Lost in history is the story of how the imposition of foreign vets by EU law was the direct cause of the closure of hundreds of small abattoirs, gravely damaging the meat industry and curtailing consumer choice. The potential removal of these vets (for which we fought so hard in the 90s) is now treated as a downside of Brexit.

With that, the piece drones on to a closure, with Helen Davies of the National Sheep Association telling us that "we will survive". She adds: "We all might have to work just a little bit harder to survive to start off with but I think once we've got over that initial sort of coming out of Brexit, I think there will be a positive future for us".

"It's difficult on the Brexit front-line", the BBC enfant savant concludes, "but one thing is for sure - the Welsh lamb industry is up for the fight".

In reality, the Welsh lamb industry doesn't seem to have the first idea of the shit-storm that is about to blow it away.

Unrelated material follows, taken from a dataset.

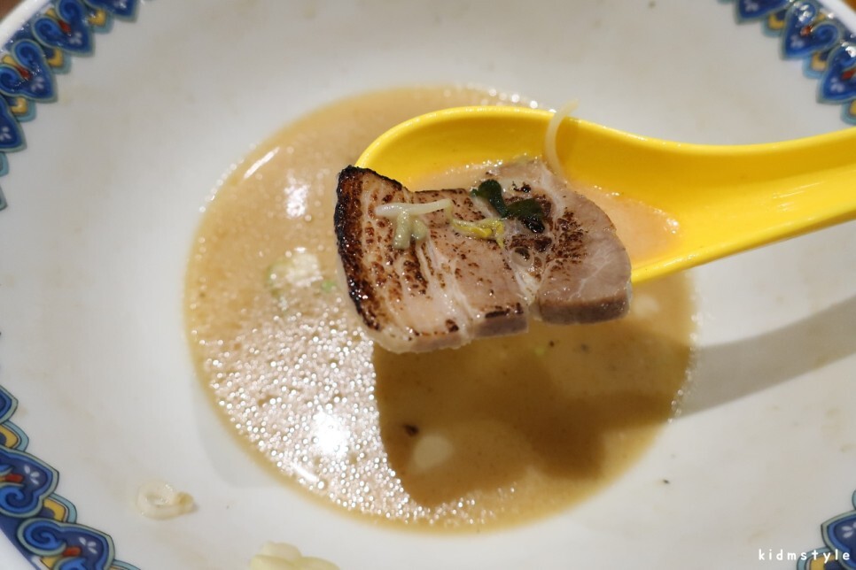 면은 잘 삶아졌다. 내가 좋아하는 나가하마 만게츠나 사사야키 같은 곳의 자가제면 면발의 꼬들꼬들한 면보다는 아쉽지만 그래도 먹을만하다.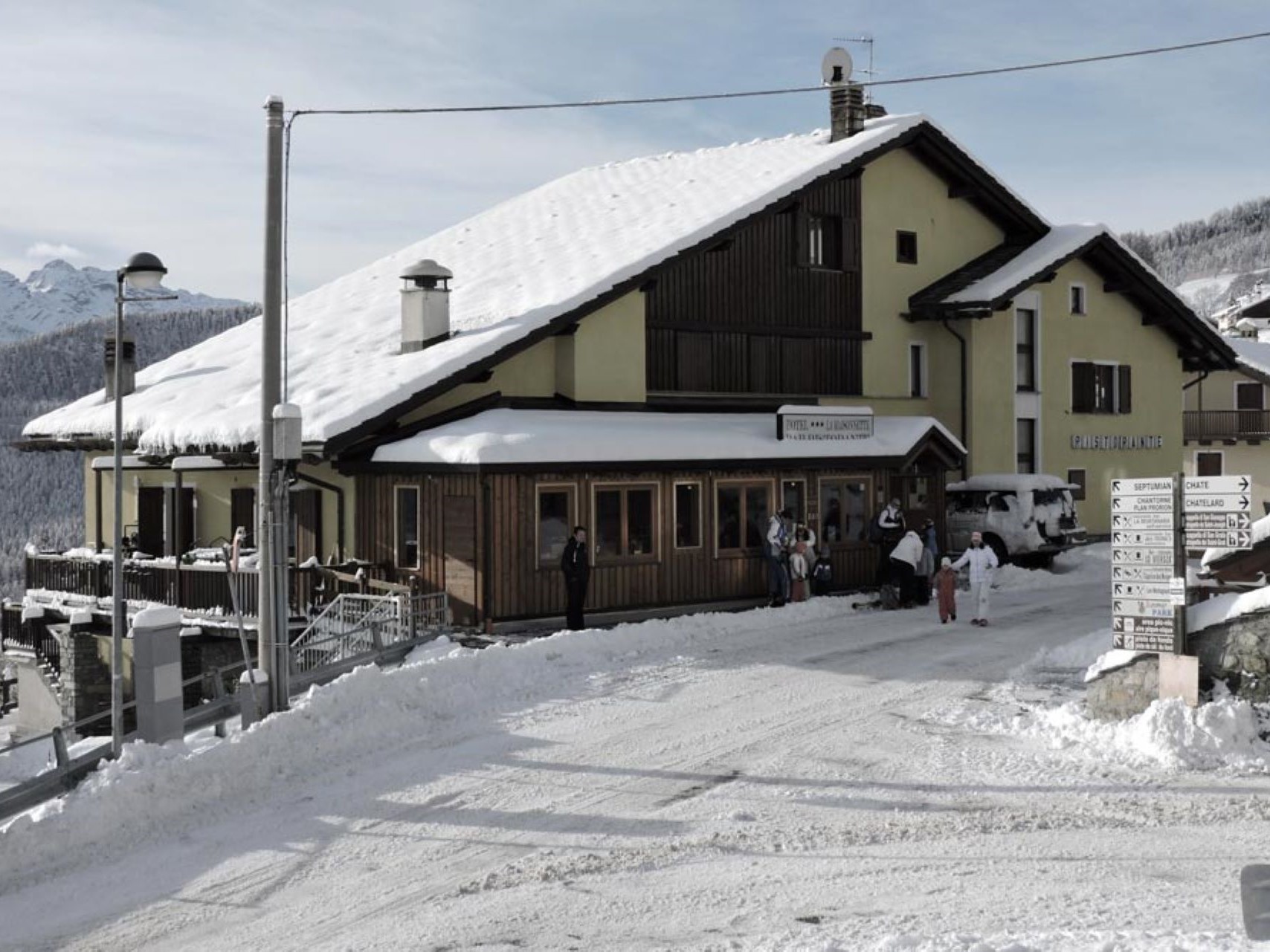 Follow the state road for about a kilometre until you come to a roundabout. Take a right for the regional road to Valtournenche and Cervinia, which arrives to the municipality of Antey-Saint-André after 7 kilometres. Here, drive to the left of the fork that leads up to Torgnon and after a few kilometres reaches the church and then the town. Pass the start of the ski lifts and the large car park and after a few bends you reach the Pecou hamlet. The hotel is immediately on the left.

What is confronting it is so potentially devastating that, unless urgent action is taken, within ten years you'll have to go to a zoo to find a sheep in Wales.

Going back to the idiot Deacon, if the journos had the first idea of what Brexit entailed, and had even the basic skills needed to do their jobs, they would have no end of "interesting" stories – starting off with the impending collapse of the Welsh lamb industry and all the economic and social trauma that that will bring. Their next port of call might be COM(2018) 397 final proposing a Regulation "complementing EU type-approval legislation with regard to the withdrawal of the United Kingdom from the Union".

The intended result is the instrument by which the Commission aims to liberate the UK car industry from its current regulatory base so that, in preparation for Brexit, manufacturers can transfer type approvals to EU regulators, thus enabling them to keep trading.

This is particularly useful for operations such as Skoda, which had elected to seek approval from UK regulators – as it was entitled to do under EU law. Unlike market authorisations for medicines, there has been no provision to transfer type approvals. This exposed car manufacturers who had UK approvals to the cost and delays of seeking new approvals, potentially having to shut down production until new approvals were granted.

Together with COM(2018) 447 final on the European space programme, this is tangible evidence of the EU distancing itself from the UK, breaking the administrative and regulatory bonds that have tied us all together for so long.

Such activity makes a mockery of any expectations that the EU would entertain revocation of the Article 50 notification. We have heard from many sources that, psychologically, the "colleagues" have already written off the UK. Now they are making it a reality. There is no going back.

Any halfway good journalist should be able to find enough "interest" in that to make a decent news story. But we don't have even halfway good journalists any more. Between shrieking girlies and zombies addicted to the "biff-bam" of personality politics, it is unsurprising that Brexit gets such a bad press. Reporting it adequately is totally beyond their ken.